En la década siguiente,
Dausa trabajaba como cura en Bolivia y participaba de los retiros
anuales de La Salette en Argentina. En uno de ellos los organizadores
invitaron a Orlando Yorio, que para esa época trabajaba en Quilmes. “El
retiro fue en Carlos Paz, Córdoba, y también en ese caso conversamos
sobre la experiencia del secuestro. Orlando indicó lo mismo que Jalics
sobre la responsabilidad de Bergoglio.”
Los asuncionistas
Yorio y Jalics fueron secuestrados el 23 de mayo de 1976 y conducidos a
la ESMA, donde los interrogó un especialista en asuntos eclesiásticos
que conocía la obra teológica de Yorio. En uno de los interrogatorios le
preguntó por los seminaristas asuncionistas Carlos Antonio Di Pietro y
Raúl Eduardo Rodríguez. Ambos eran compañeros de Marina Rubino en el
Teologado de San Miguel y desarrollaban trabajo social en el barrio
popular La Manuelita, de San Miguel, donde vivían y atendían la capilla
Jesús Obrero. De allí fueron secuestrados diez días después que los dos
jesuitas, el 4 de junio de 1976, y llevados a la misma casa operativa
que Yorio y Jalics. A media mañana Di Pietro llamó por teléfono al
superior asuncionista Roberto Favre y le preguntó por el sacerdote Jorge
Adur, que vivía con ellos en La Manuelita.
–Recibimos un telegrama para él y se lo tenemos que entregar –dijo.

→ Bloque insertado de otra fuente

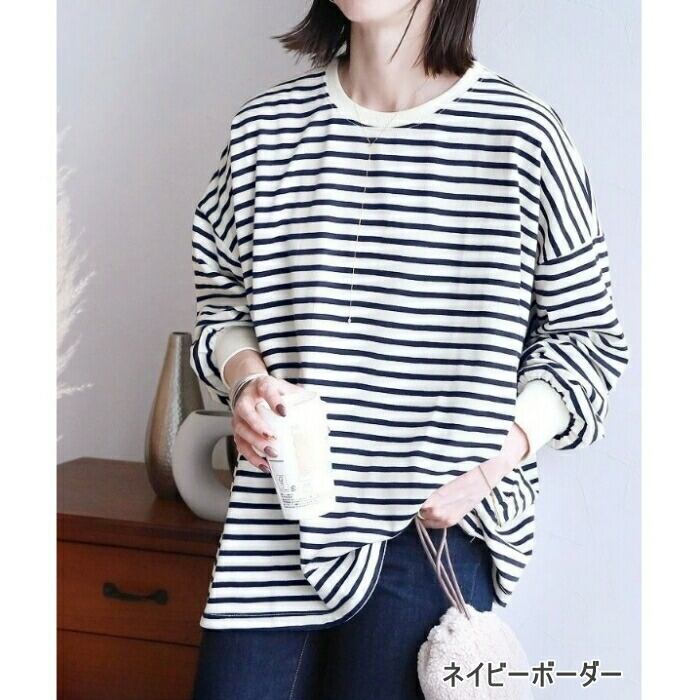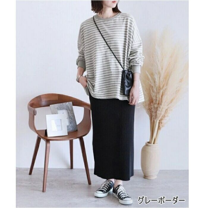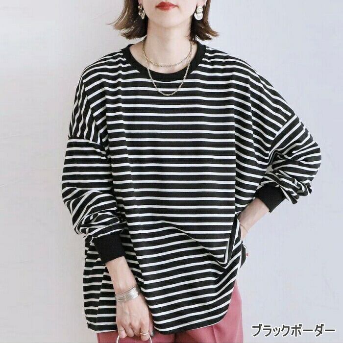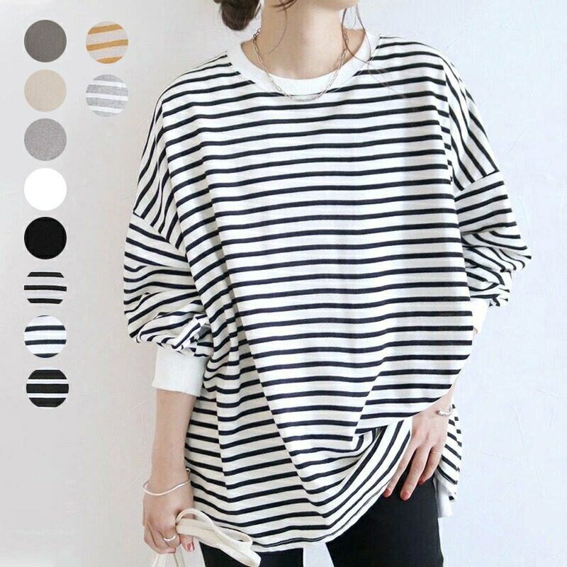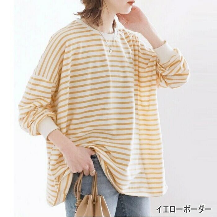 全10色 大きいサイズ 体型カバー エレガント フェミニン おしゃれ カットソー シンプル ゆったり トップス Tシャツ レディース きれいめ カジュアル 大人可愛い 春 秋 冬 長袖 ボーダー 無地 ドロップショルダー オーバーサイズ イエロー ネイビー ベージュ ブラック 黒 グレー 20代 30代 40代 50代 M L

De ese modo, consiguió que la Orden se pusiera en movimiento. El
superior Roberto Favre presentó un recurso de hábeas corpus, que no
obtuvo respuesta. Adur logró salir del país, con ayuda del nuncio Pio
Laghi, y se exilió en Francia. Volvió en forma clandestina en 1980,
convertido en capellán del autodenominado “Ejército Montonero” y fue
detenido-desaparecido en el trayecto a Brasil, donde procuraba
entrevistarse con el papa Juan Pablo II. El mismo camino del exilio
siguió uno de los detenidos en la razzia del barrio La Manuelita, el
entonces estudiante de medicina y hoy médico Lorenzo Riquelme. Cuando
recuperó su libertad la Fraternidad de los Hermanitos del Evangelio le
dio hospitalidad en su casa porteña de la calle Malabia. En
comunicaciones desde Francia con quien era entonces el superior de los
Hermanitos del Evangelio, Patrick Rice, Riquelme dijo que quien lo
denunció fue un jesuita del Colegio de San Miguel, quien era a la vez
capellán del Ejército. Está convencido de que ese sacerdote presenció
las torturas que le aplicaron, cree que en Campo de Mayo.
El ablande
También como consecuencia de la nota del domingo aceptó narrar su
conocimiento del caso un fundador de la Fraternidad seglar de los
Hermanitos del Evangelio Charles de Foucauld, Roberto Scordato. Entre
fines de octubre y principios de noviembre de 1976, Scordato se reunió
en Roma con el cardenal Eduardo Pironio, quien era prefecto de la
Congregación vaticana para los religiosos, y le comunicó el nombre y
apellido de un sacerdote de la comunidad jesuita de San Miguel que
participaba en las sesiones de tortura en Campo de Mayo con el rol de
“ablandar espiritualmente” a los detenidos. Scordato le pidió que lo
transmitiera al superior general Pedro Arrupe pero ignora el resultado
de su gestión, si tuvo alguno. Consultado para esta nota Rice, quien
también fue secuestrado y torturado ese año, dijo que eso no hubiera
sido posible sin la aprobación del padre provincial. Rice y Scordato
creen que ese jesuita se apellidaba González pero a 34 años de distancia
no lo recuerdan con certeza.
Iracundia
Como cada
vez que su pasado lo alcanza, Bergoglio atribuye la divulgación de sus
actos al gobierno nacional. Esta semana reaccionó con furia, durante la
homilía que pronunció en una misa para estudiantes. En lo que su vocero
describió como “un mensaje al poder político”, dijo que “no tenemos
derecho a cambiarle la identidad y la orientación a la Patria”, sino
“proyectarla hacia el futuro en una utopía que sea continuidad con lo
que nos fue dado”, que los chicos no tienen otro horizonte que comprar
un papelito de merca en la esquina de la escuela y que los dirigentes
procuran trepar, abultar la caja y promover a los amigos.